Important PRMIA 8010 Exam Questions
PRMIA Operational Risk Manager (ORM) Exam 8010 Exam
Attempt the Operational Risk Management practice test and solve real exam-like 8010 questions to prepare efficiently and increase your chances of success. Our PRMIA 8010 practice questions match the actual Operational Risk Manager (ORM) Exam format, helping you enhance confidence and improve performance. With our 8010 practice exam software, you can analyze your performance, identify weak areas, and work on them effectively to boost your final Operational Risk Management exam score.
| Vendor: | PRMIA |
|---|---|
| Exam Name: | Operational Risk Manager (ORM) Exam |
| Registration Code: | 8010 |
| Related Certification: | PRMIA ORM Certification |
| Exam Audience: |
Question: 1
For a given mean, which distribution would you prefer for frequency modeling where operational risk events are considered dependent, or in other words are seen as clustering together (as opposed to being independent)?
Question: 2
An operational loss severity distribution is estimated using 4 data points from a scenario. The management institutes additional controls to reduce the severity of the loss if the risk is realized, and as a result the estimated losses from a 1-in-10-year losses are halved. The 1-in-100 loss estimate however remains the same. What would be the impact on the 99.9th percentile capital required for this risk as a result of the improvement in controls?
Question: 3
Under the actuarial (or CreditRisk+) based modeling of defaults, what is the probability of 4 defaults in a retail portfolio where the number of expected defaults is 2?
Question: 4
Which of the following are valid approaches to leveraging external loss data for modeling operational risks:
1. Both internal and external losses can be fitted with distributions, and a weighted average approach using these distributions is relied upon for capital calculations.

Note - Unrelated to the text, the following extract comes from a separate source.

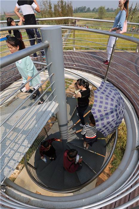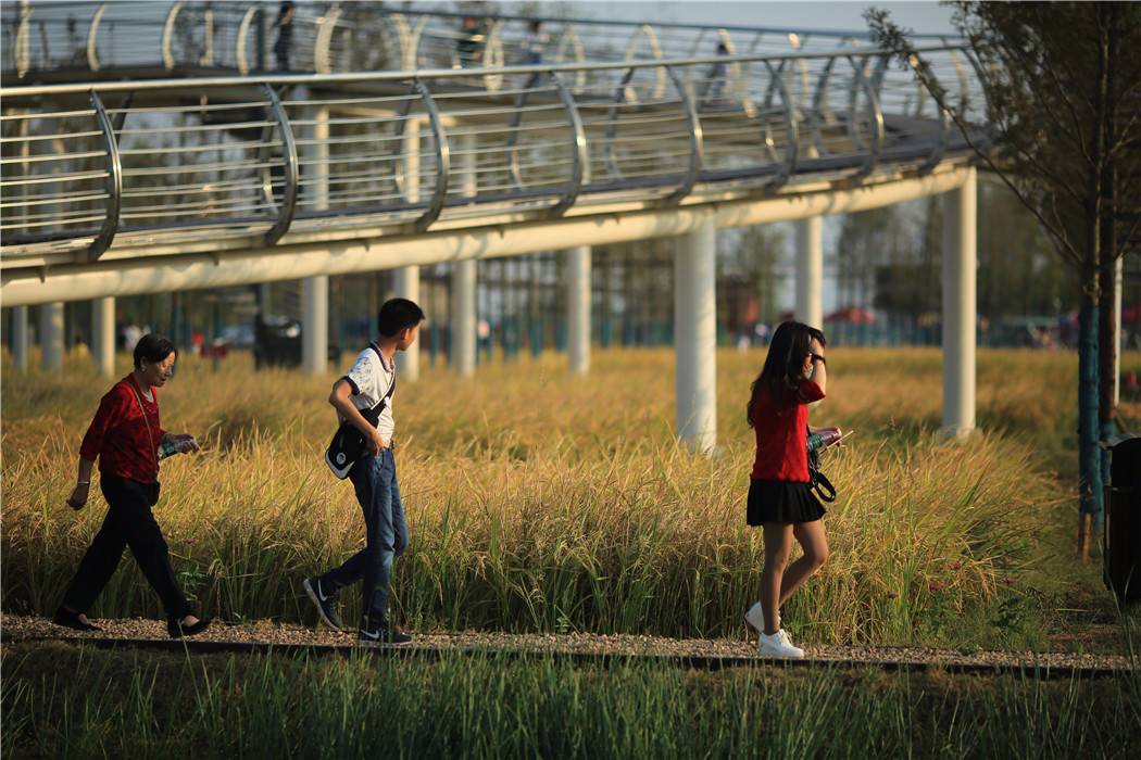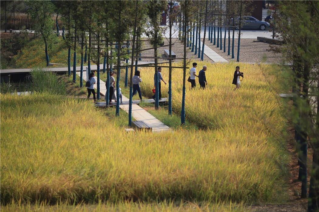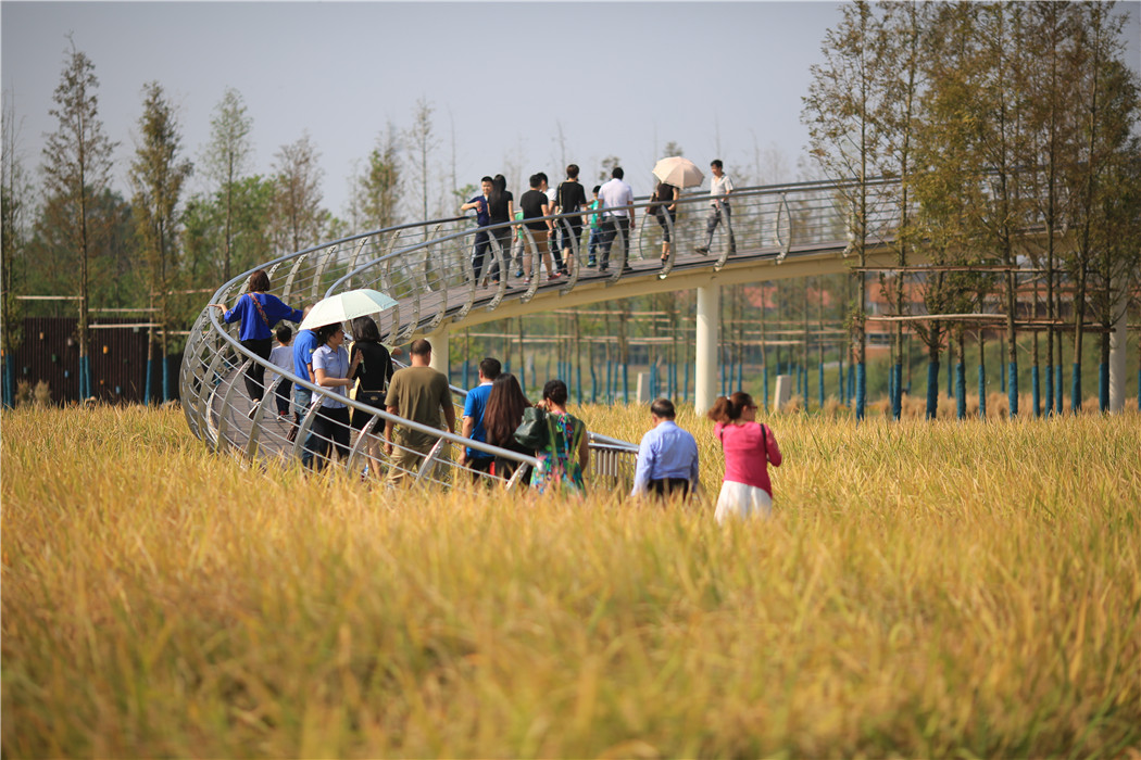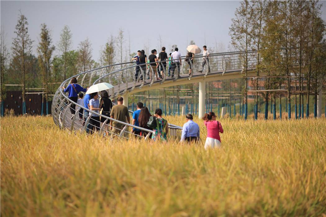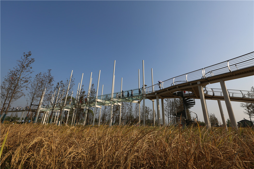 在考古遺址向一個靜靜的舞臺,默默地激發(fā)著人們豐富想象力的同時,戶外水稻博物館的田野猶如一臺活生生的,正上演著活生生的農耕生產?。核痉N植、除草和收割都被設計成與休閑活動相互交織的生動元素,融入了諸如慢跑、野餐、散步、學校和家庭的郊游。玻璃廊橋作為觀景平臺和使人身臨其境,讓城市游客能夠親眼目睹和體驗水稻種植及收割過程,并與勞作的農民進行親密接觸。參觀者亦可以加入到農民勞作之中,體驗其中的艱辛與快樂。在這一景觀中,勞作與休閑、生產與藝術、鄉(xiāng)村與城市、土地所有者和游客、功能和審美之間都不分彼此地融合在一起,營造出美麗和諧的一幕。

2. External loss data is used to inform scenario modeling.
3. External loss data is combined with internal loss data points, and distributions fitted to the combined data set.
4. External loss data is used to replace internal loss data points to create a higher quality data set to fit distributions.
Question: 5
If the cumulative default probabilities of default for years 1 and 2 for a portfolio of credit risky assets is 5% and 15% respectively, what is the marginal probability of default in year 2 alone?